- **Source data**:

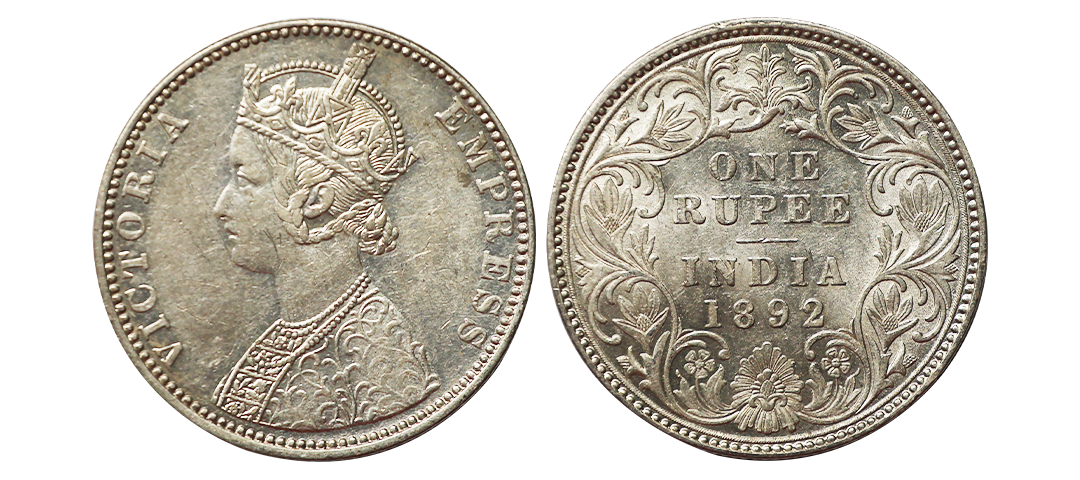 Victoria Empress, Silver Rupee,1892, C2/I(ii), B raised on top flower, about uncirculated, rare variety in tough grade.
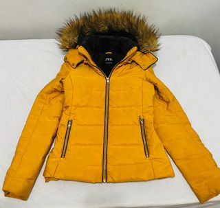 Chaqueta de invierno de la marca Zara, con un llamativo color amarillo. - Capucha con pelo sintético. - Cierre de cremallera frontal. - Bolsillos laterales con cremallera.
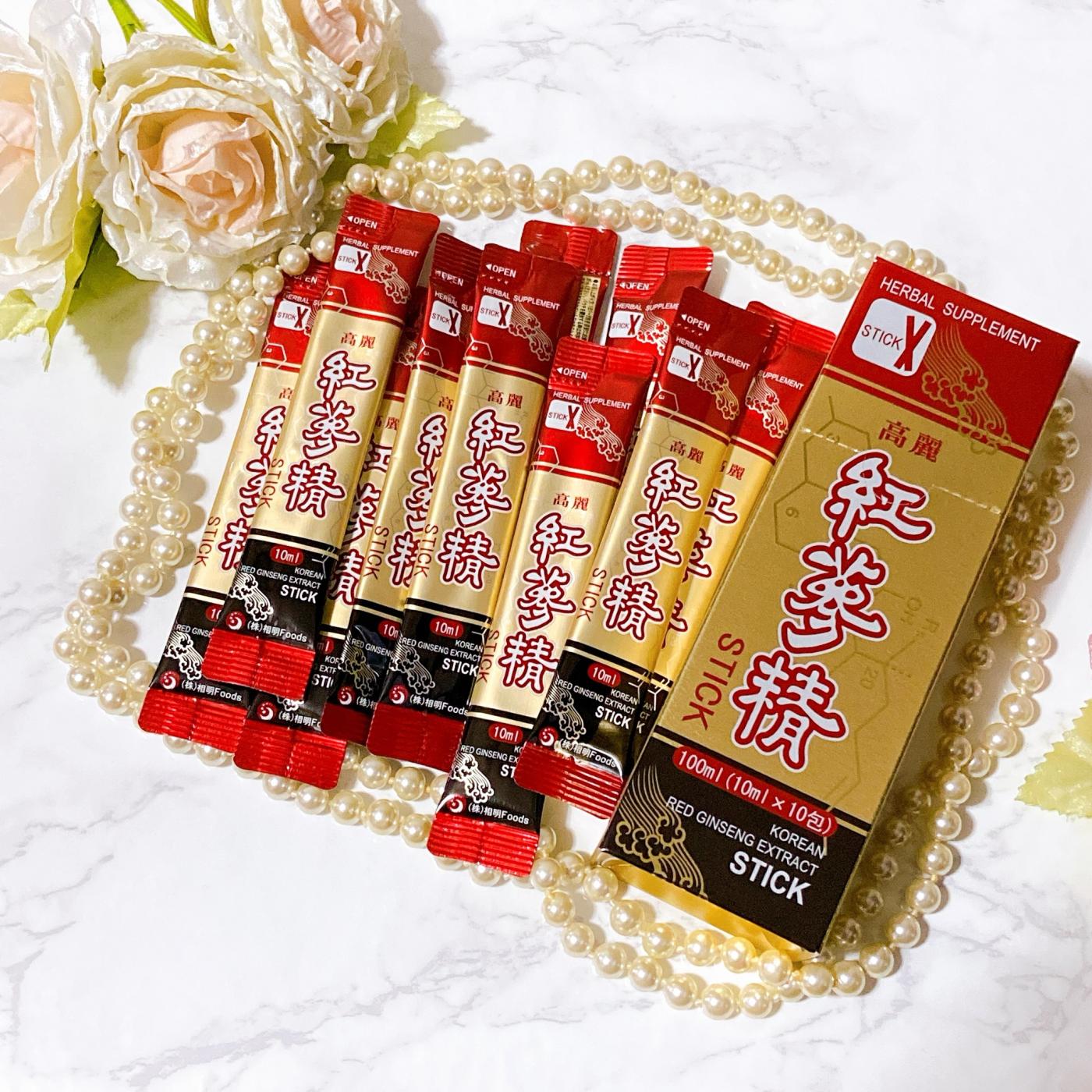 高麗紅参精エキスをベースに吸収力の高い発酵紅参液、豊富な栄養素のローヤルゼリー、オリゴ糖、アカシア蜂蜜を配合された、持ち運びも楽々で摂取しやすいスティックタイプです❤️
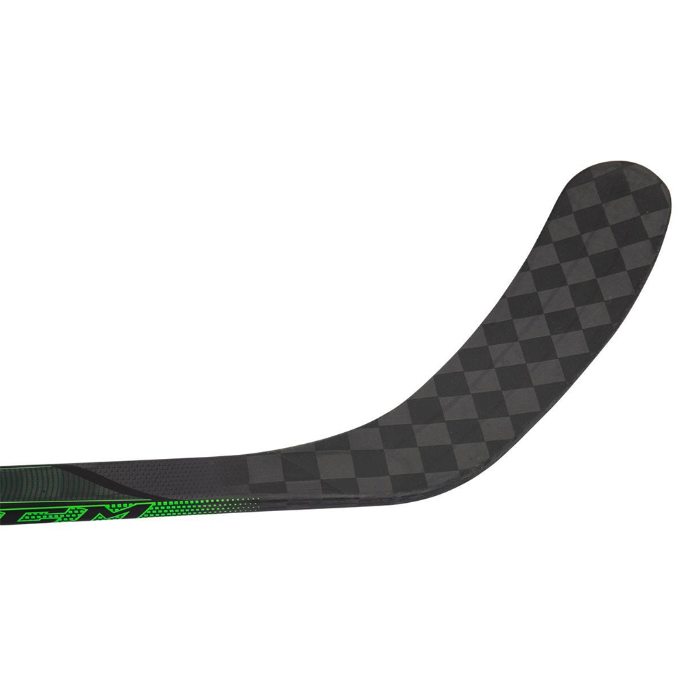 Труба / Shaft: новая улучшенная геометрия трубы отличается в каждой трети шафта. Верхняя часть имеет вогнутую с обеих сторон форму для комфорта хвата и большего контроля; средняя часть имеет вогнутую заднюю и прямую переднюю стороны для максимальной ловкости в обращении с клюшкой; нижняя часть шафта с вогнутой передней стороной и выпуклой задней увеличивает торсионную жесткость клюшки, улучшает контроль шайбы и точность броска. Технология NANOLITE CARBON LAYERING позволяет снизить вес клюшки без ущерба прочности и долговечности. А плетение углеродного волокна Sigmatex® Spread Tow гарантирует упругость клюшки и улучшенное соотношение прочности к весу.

---

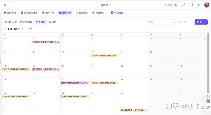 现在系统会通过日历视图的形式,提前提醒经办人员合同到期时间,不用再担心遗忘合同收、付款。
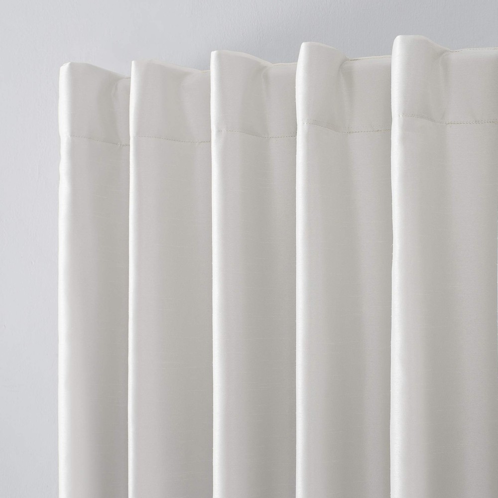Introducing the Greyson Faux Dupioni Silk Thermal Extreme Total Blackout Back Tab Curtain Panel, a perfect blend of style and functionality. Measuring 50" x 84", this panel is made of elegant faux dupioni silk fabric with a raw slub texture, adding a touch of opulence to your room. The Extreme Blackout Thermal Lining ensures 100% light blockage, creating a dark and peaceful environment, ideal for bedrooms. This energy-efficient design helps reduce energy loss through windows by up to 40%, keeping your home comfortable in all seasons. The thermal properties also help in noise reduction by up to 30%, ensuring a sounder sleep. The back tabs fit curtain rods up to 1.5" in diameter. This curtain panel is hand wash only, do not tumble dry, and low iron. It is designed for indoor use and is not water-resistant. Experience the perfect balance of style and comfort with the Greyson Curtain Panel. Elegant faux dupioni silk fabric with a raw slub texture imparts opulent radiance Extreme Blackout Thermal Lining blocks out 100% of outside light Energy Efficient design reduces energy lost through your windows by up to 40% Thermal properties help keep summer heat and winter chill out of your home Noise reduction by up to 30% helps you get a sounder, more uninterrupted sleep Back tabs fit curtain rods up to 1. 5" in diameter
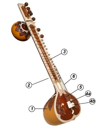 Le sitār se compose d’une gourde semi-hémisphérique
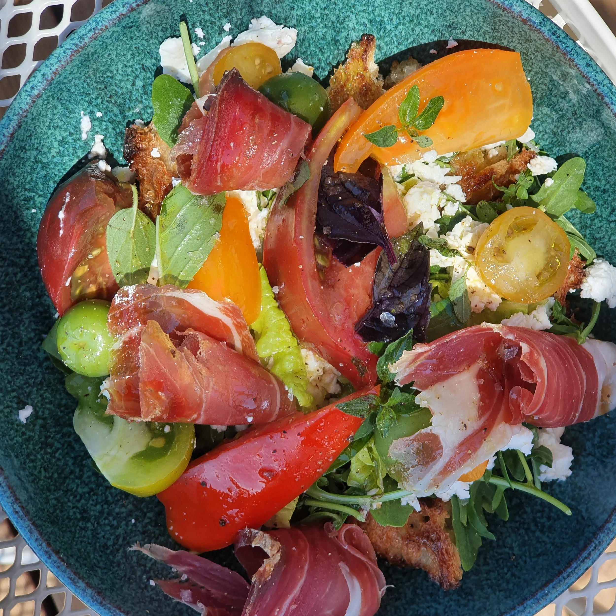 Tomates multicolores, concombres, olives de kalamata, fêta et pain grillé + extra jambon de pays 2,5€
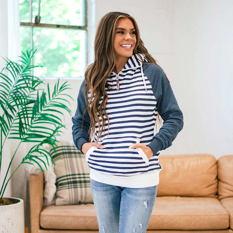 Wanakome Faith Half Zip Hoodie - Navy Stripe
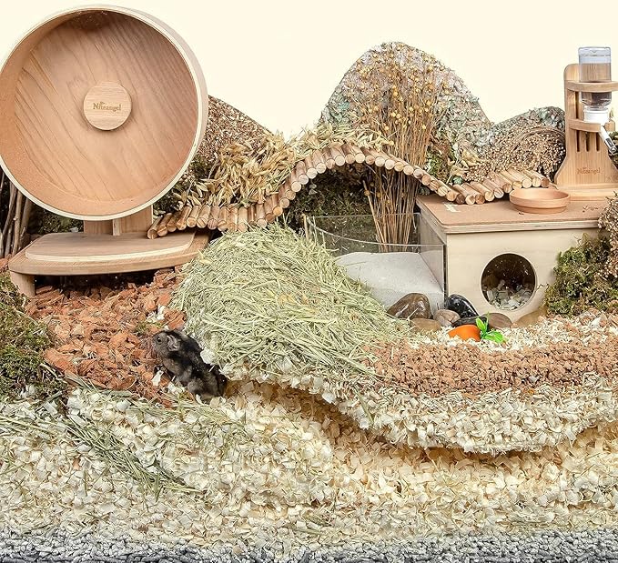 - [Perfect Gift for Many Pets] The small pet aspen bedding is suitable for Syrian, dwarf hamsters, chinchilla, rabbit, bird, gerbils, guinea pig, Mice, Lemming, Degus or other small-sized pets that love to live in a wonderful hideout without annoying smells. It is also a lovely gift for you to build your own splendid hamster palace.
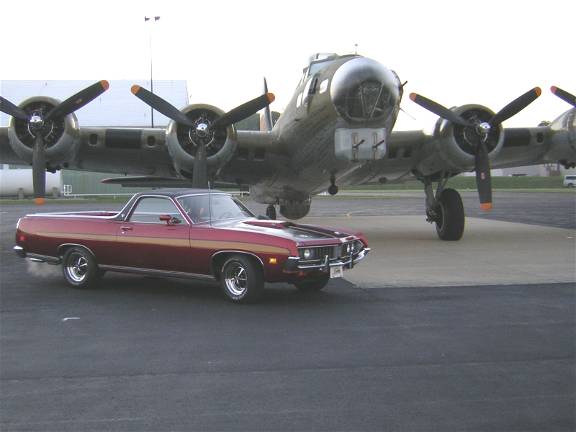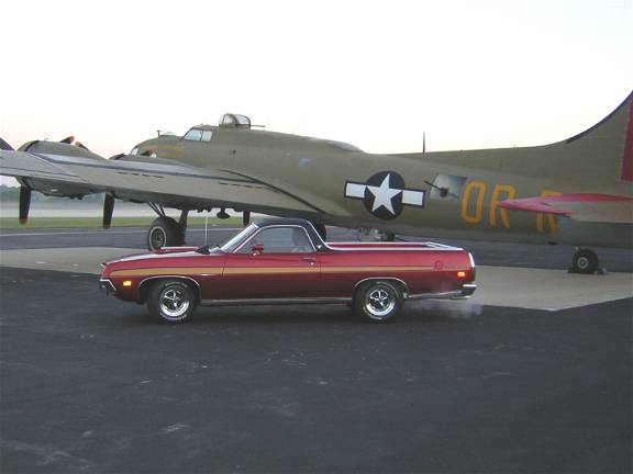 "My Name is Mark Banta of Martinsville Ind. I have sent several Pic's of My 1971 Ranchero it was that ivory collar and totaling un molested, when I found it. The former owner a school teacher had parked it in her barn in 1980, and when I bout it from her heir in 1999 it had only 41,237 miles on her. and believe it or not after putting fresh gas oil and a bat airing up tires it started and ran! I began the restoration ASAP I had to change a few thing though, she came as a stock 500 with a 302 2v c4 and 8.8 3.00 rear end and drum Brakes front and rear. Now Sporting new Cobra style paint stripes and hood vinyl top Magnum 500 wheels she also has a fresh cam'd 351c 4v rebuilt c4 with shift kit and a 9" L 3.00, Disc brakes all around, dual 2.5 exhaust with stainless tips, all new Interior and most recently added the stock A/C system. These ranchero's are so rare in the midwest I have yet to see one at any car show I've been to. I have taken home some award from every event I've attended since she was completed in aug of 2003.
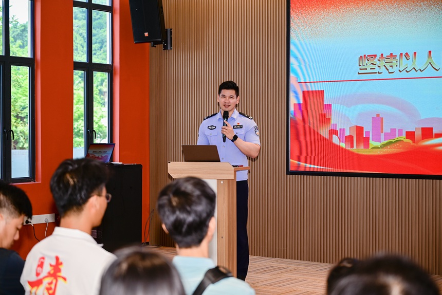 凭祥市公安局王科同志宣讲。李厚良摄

--

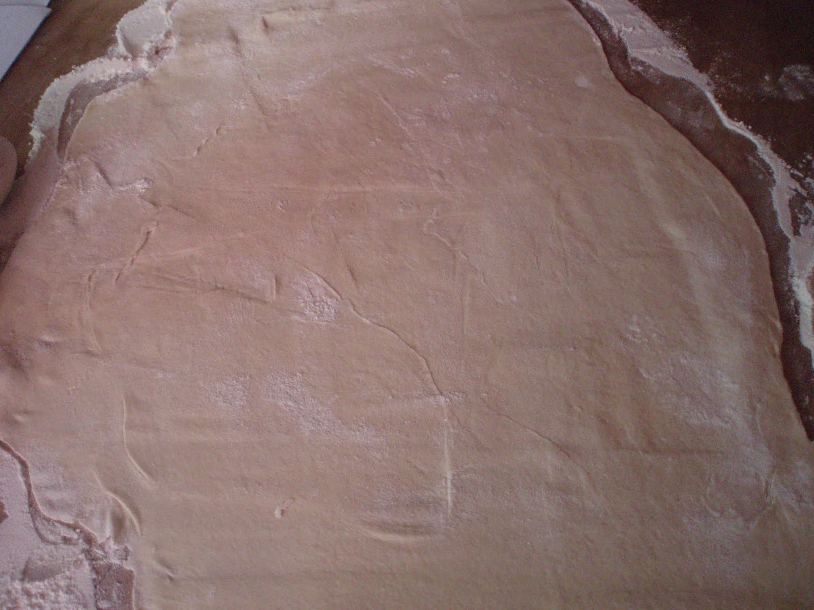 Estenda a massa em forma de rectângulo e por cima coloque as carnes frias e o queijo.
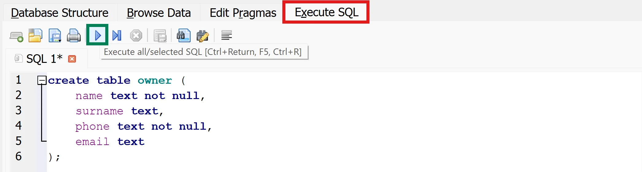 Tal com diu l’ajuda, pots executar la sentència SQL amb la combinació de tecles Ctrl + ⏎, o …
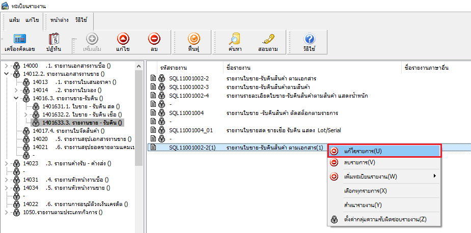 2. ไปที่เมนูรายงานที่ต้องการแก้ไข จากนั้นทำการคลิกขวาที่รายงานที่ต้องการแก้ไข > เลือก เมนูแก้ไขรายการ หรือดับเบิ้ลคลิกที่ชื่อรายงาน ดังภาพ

- **Problem requirements**: From the records above, copy only the lines running from the line holding "Victoria Empress, Silver" through the line holding "高麗紅参精エキスをベースに吸", with no pictures.

- **Result**:
 Victoria Empress, Silver Rupee,1892, C2/I(ii), B raised on top flower, about uncirculated, rare variety in tough grade.
 Chaqueta de invierno de la marca Zara, con un llamativo color amarillo. - Capucha con pelo sintético. - Cierre de cremallera frontal. - Bolsillos laterales con cremallera.
 高麗紅参精エキスをベースに吸収力の高い発酵紅参液、豊富な栄養素のローヤルゼリー、オリゴ糖、アカシア蜂蜜を配合された、持ち運びも楽々で摂取しやすいスティックタイプです❤️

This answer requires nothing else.